By default, reasoning is not used when you enable guard mode, however you are free to specify any of the reasoning types supported by Stardog when enabling guard mode. If you have provided a specific reasoning type for guard mode it will be used during validation of the integrity constraints. This means you can author your constraints with the expectation of inference results satisfying a constraint.
This illustrates how to create a persistent disk database with ICV guard mode enabled at the QL reasoning type. Guard mode can also be enabled when the database is created on the command line
ICV Examples
Rather than discuss the formal semantics of ICV here, we will look at some examples. The following examples use OWL 2's Manchester syntax; and they assume a simple data schema, which is available as an OWL ontology and as a UML diagram. The examples also assume that the default namespace is <http://example.com/company.owl#> and that xsd: is bound to the standard, <http://www.w3.org/2001/XMLSchema#>.
We provide reference code for each of the different following examples.
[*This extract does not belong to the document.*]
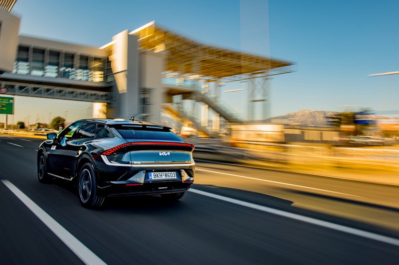 Δεν θα κρύψουμε πως το EV6 είναι από τα πιο ευχάριστα ηλεκτρικά αυτοκίνητα που έχουμε οδηγήσει και είναι εντυπωσιακό το πώς οι Κορεάτες κατάφεραν να βάλουν την οδηγική απόλαυση σε προτεραιότητα και να αποφύγουν την αποστειρωμένη αίσθηση των ανταγωνιστών τους. Είναι εντυπωσιακή η σταθερότητα του αυτοκινήτου στον αυτοκινητόδρομο, ο τρόπος που κυλάει στους τροχούς του και η αεροδυναμική του. Επίσης, η ικανότητά του να κρύβει το βάρος του, αλλά και το μέγεθός του σε αστικό περιβάλλον. Πάνω από το ανάγλυφο των ελληνικών δρόμων περνάει ως ένα «ενιαίο τμήμα», αξιοποιώντας τον σούπερ άκαμπτο αμάξωμα με το άψογο ζύγισμα, στοιχεία που θα εκτιμηθούν σε έναν επαρχιακό δρόμο. Η ύπαρξη πληθώρας ηλεκτρονικών, δεν επιτρέπει την παραμικρή απώλεια πρόσφυσης, ωστόσο όταν ο οδηγός πιέσει, το EV6 θα αντιδράσει προοδευτικά, χωρίς να προβληματίσει, εμπνέοντας πάντα το αίσθημα της ασφάλειας.

This is also included in the examples directory in the Stardog distribution.
Subsumption Constraints
This kind of constraint guarantees certain subclass and superclass (i.e., subsumption) relationships exist between instances.
Managers must be employees
| Constraint |
Class: Manager SubClassOf: Employee |
|
| A |
Individual: Alice Types: Manager |
Invalid |
| B |
Individual: Alice Types: Manager, Employee |
Valid |
This constraint says that if an RDF individual is an instance of Manager, then it must also be an instance of Employee. In ontology A, the only instance of Manager, namely Alice, is not an instance of Employee; therefore, A is invalid. In B, Alice is an instance of both Manager and Employee; therefore, B is valid.
Domain-Range Constraints
These constraints control the types of domain and range instances for properties.
Only project leaders can be responsible for projects.
| Constraint |
ObjectProperty: is_responsible_for Domain: Project_Leader Range: Project |
|
| A |
Individual: Alice Facts: is_responsible_for MyProject Individual: MyProject Types: Project |
Invalid |
| B |
Individual: Alice Types: Project_Leader Facts: is_responsible_for MyProject Individual: MyProject |
Invalid |
| C |
Individual: Alice Types: Project_Leader Facts: is_responsible_for MyProject Individual: MyProject Types: Project |
Valid |
This constraint says that if an RDF instance i is related to an RDF instance j via the property is_responsible_for, then i must be an instance of Project_Leader and j must be an instance of Project. In ontology A, there is only one pair of individuals related via is_responsible_for, namely (Alice, MyProject), and MyProject is an instance of Project; but Alice is not an instance of Project_Leader. Therefore, A is invalid. In B, Alice is an instance of Project_Leader, but MyProject is not an instance of Project; therefore, B is not valid. In C, Alice is an instance of Project_Leader, and MyProject is an instance of Project; therefore, C is valid.
Only employees can have an SSN.
| Constraint |
DataProperty: SSN Domain: Employee |
|
| A |
Individual: Bob Facts: SSN "123-45-6789" |
Invalid |
| B |
Individual: Bob Types: Employee Facts: SSN "123-45-6789" |
Valid |
This constraint says that if an RDF instance i has a data assertion via the the property SSN, then i must be an instance of Employee. In ontology A, Bob is not known to be an instance of Employee but has SSN, therefore, A is invalid. In B, Bob is defined to be an instance of Employee, therefore the ontology is valid.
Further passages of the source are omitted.